# [YOUR INSTRUCTIONS]
Skip the pictures. Quote every line below, exactly, from the one with "概念店由6個大小不同、白棕相" through the final line.

# [DATASET CONTENT]
━━━━
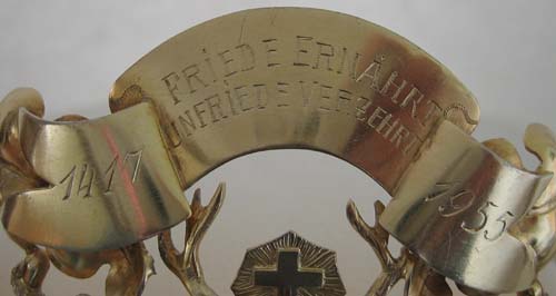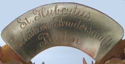 In einem Eichenlaubkranz ist in der Mitte ein Hirschkopf mit Kreuz zu sehen, das Symbol "St. Hubertus". Seitlich davon prangen die Wappen der Stadt und des ehemaligen Kreises Brilon. Ein Schriftband überzieht das Ganze. In ihm ist der Fahnenspruch der Bruderschaft eingraviert: " Friede ernährt / Unfriede verzehrt - 1417 / 1955.
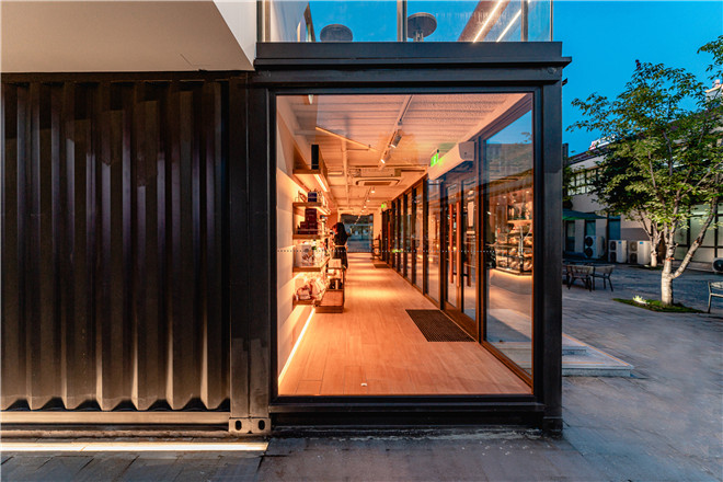 概念店由6個大小不同、白棕相間的集裝箱穿插交疊而成,共有兩層。一層是交錯開來的點單區和用餐區,并設置了大片通透的玻璃幕墻,從外界看可以將箱體內的整體面貌盡收眼底。
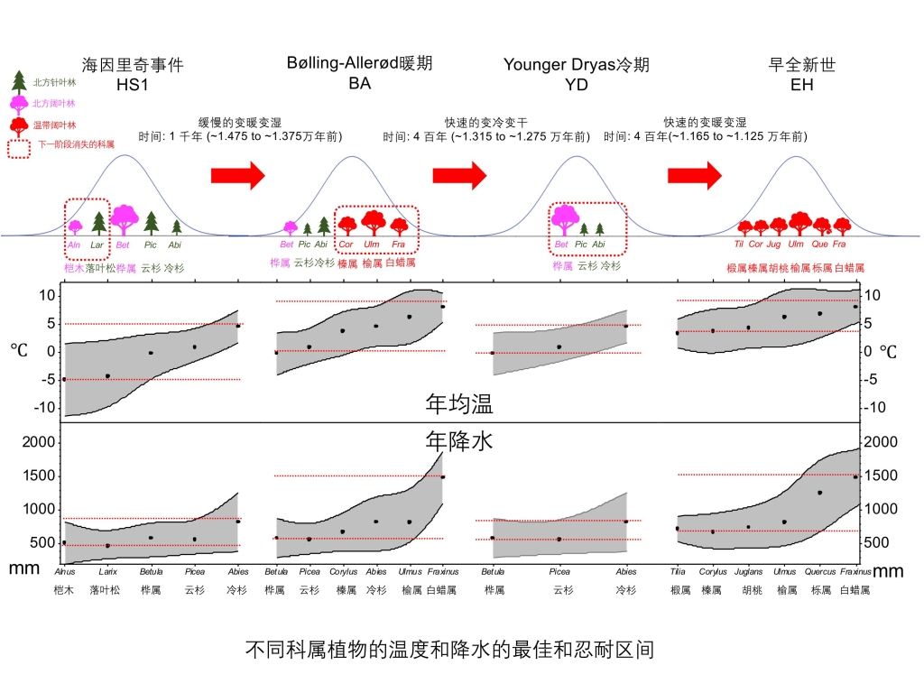 (1)在博林阿罗德暖期开始阶段(距今1.48-1.38万年前),东亚地区出现了1千年左右的增温变湿过程和广泛的森林扩张情况。森林生态系统经历了慢速和逐步的演替过程,即当气候变化较缓慢时,植被会逐渐适应气候变化,保留一部分原有的群落成分。
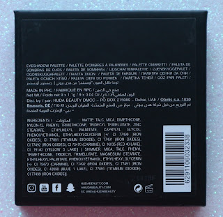 A parte de trás da paleta é toda neste bordo escuro e trás num lettering dourado algumas informações relativas à mesmo, como peso, data de validade, Batch, entre outras.
━━━━
# [ANSWER TO THIS PROBLEM]
 概念店由6個大小不同、白棕相間的集裝箱穿插交疊而成,共有兩層。一層是交錯開來的點單區和用餐區,并設置了大片通透的玻璃幕墻,從外界看可以將箱體內的整體面貌盡收眼底。
 (1)在博林阿罗德暖期开始阶段(距今1.48-1.38万年前),东亚地区出现了1千年左右的增温变湿过程和广泛的森林扩张情况。森林生态系统经历了慢速和逐步的演替过程,即当气候变化较缓慢时,植被会逐渐适应气候变化,保留一部分原有的群落成分。
 A parte de trás da paleta é toda neste bordo escuro e trás num lettering dourado algumas informações relativas à mesmo, como peso, data de validade, Batch, entre outras.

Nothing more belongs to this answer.